WORK TO COMPLETE:
Given the listing below, write out exactly the lines starting with the line that has "Die Hostas in" and going on through the line that has "มีจุดดำข้างจมูกคล้ายๆคนมีใฝขี้ตกใจ ตื่นตนกกง่ายขี้ระแวง กินเก่ง", both kept.

EXERCISE INPUT:
□ □ □ □
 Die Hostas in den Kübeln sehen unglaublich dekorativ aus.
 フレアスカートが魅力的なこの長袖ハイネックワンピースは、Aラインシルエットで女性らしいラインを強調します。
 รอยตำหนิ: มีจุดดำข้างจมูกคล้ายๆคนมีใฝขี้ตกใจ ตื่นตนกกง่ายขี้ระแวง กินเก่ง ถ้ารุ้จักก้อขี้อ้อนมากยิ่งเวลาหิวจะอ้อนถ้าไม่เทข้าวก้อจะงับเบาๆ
□ □ □ □
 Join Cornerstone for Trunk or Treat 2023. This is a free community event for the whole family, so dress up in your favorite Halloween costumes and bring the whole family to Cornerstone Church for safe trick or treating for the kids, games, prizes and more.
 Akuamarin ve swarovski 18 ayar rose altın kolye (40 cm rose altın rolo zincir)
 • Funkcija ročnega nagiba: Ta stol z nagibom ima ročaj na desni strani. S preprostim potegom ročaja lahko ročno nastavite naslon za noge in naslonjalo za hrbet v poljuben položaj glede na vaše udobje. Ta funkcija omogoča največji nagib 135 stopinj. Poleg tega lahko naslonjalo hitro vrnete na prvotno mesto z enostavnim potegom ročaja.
□ □ □ □
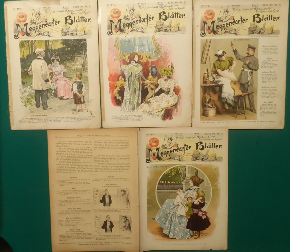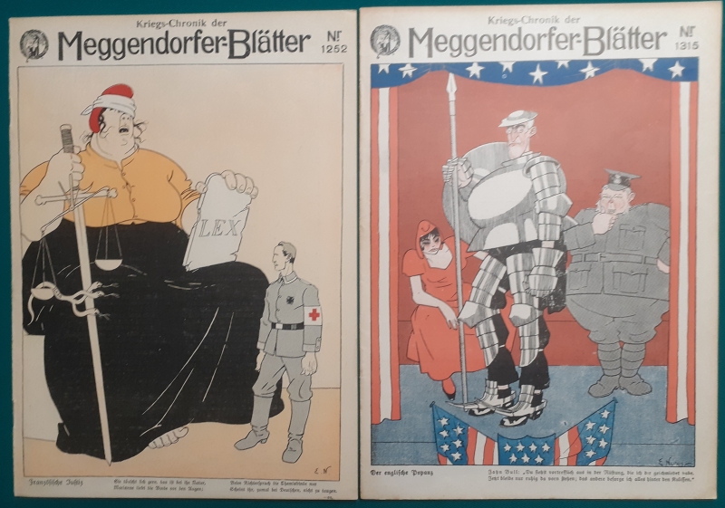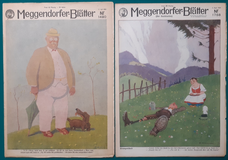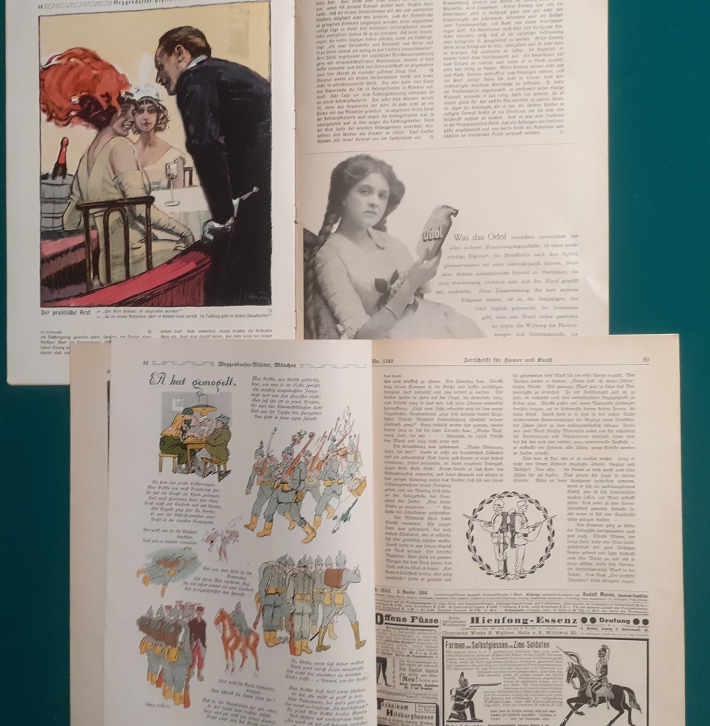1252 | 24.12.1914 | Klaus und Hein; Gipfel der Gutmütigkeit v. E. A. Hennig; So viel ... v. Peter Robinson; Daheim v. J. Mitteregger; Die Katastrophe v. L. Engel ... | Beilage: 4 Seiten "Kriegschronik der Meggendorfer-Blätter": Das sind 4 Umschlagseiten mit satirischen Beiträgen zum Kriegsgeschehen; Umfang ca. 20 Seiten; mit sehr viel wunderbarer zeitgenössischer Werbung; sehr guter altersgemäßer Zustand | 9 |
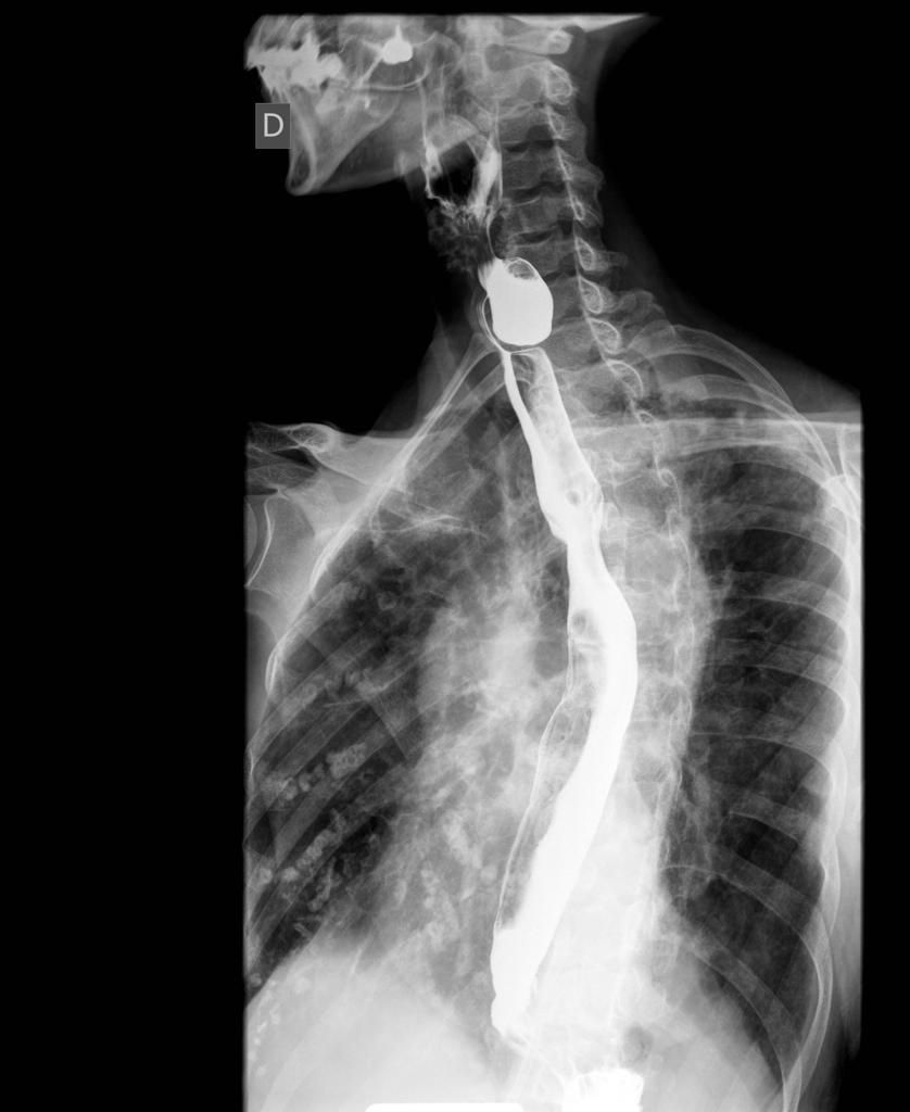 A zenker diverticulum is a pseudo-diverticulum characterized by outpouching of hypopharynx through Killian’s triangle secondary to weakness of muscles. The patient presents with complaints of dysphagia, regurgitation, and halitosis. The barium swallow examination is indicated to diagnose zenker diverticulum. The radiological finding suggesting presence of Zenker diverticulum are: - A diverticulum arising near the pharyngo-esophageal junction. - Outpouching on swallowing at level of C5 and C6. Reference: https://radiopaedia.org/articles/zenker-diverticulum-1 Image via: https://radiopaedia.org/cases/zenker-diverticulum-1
□ □ □ □
EXERCISE RESULT:
 Die Hostas in den Kübeln sehen unglaublich dekorativ aus.
 フレアスカートが魅力的なこの長袖ハイネックワンピースは、Aラインシルエットで女性らしいラインを強調します。
 รอยตำหนิ: มีจุดดำข้างจมูกคล้ายๆคนมีใฝขี้ตกใจ ตื่นตนกกง่ายขี้ระแวง กินเก่ง ถ้ารุ้จักก้อขี้อ้อนมากยิ่งเวลาหิวจะอ้อนถ้าไม่เทข้าวก้อจะงับเบาๆ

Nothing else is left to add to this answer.